YOUR GOAL
Beginning at the line containing "11月15日下午,澳门网投在" in the material below and ending at the line containing "Комплект включает в", return each line exactly and add nothing.

PROVIDED ENTRIES
---+---

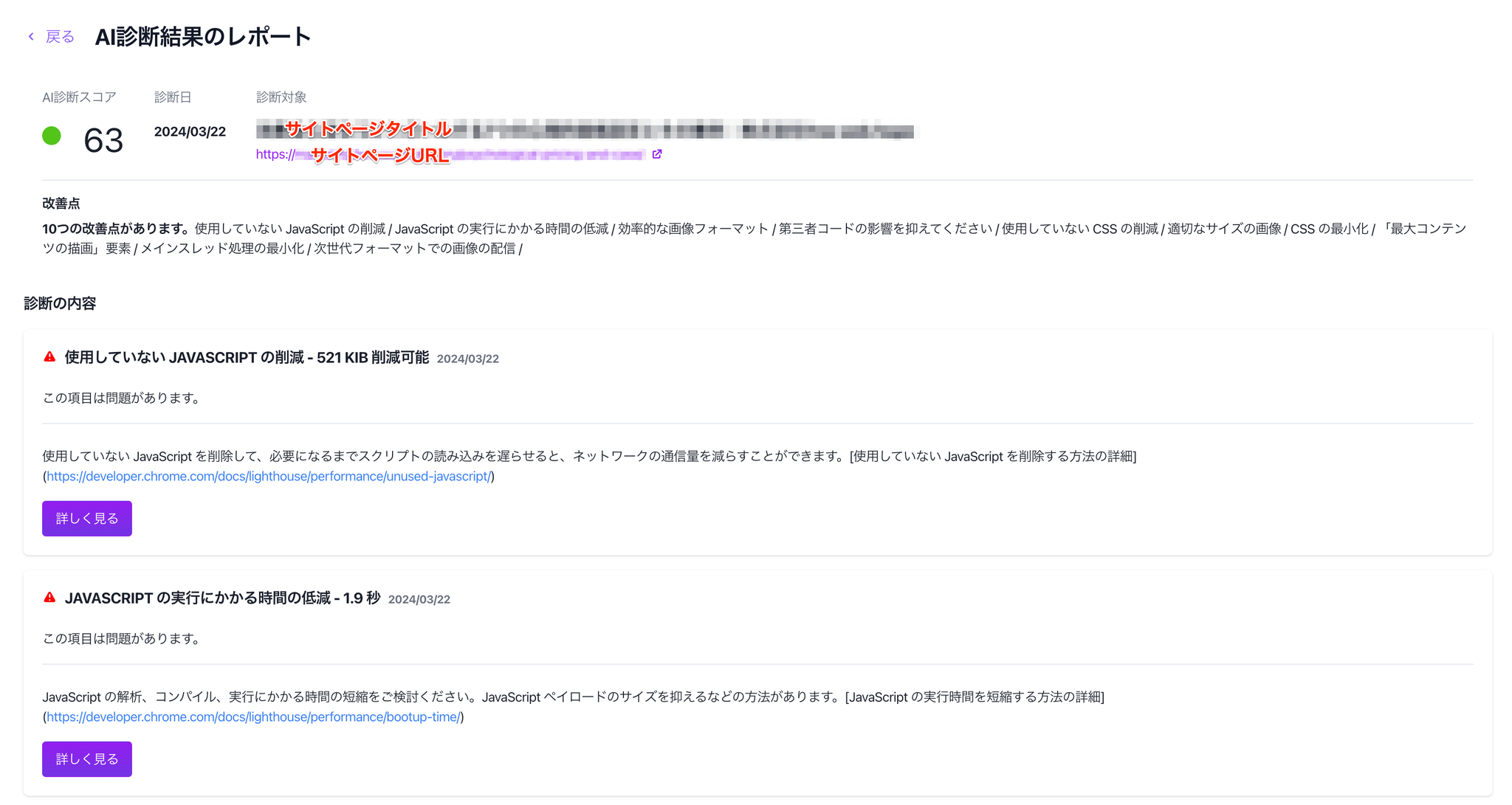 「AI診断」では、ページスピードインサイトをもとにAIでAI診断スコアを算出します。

---+---

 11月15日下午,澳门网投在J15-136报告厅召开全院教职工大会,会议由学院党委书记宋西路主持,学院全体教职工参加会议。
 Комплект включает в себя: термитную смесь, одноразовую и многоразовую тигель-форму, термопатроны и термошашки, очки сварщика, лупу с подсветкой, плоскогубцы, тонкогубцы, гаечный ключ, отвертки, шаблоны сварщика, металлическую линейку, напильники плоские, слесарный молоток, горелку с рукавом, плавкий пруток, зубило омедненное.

---+---

RESPONSE TO THIS EXERCISE
 11月15日下午,澳门网投在J15-136报告厅召开全院教职工大会,会议由学院党委书记宋西路主持,学院全体教职工参加会议。
 Комплект включает в себя: термитную смесь, одноразовую и многоразовую тигель-форму, термопатроны и термошашки, очки сварщика, лупу с подсветкой, плоскогубцы, тонкогубцы, гаечный ключ, отвертки, шаблоны сварщика, металлическую линейку, напильники плоские, слесарный молоток, горелку с рукавом, плавкий пруток, зубило омедненное.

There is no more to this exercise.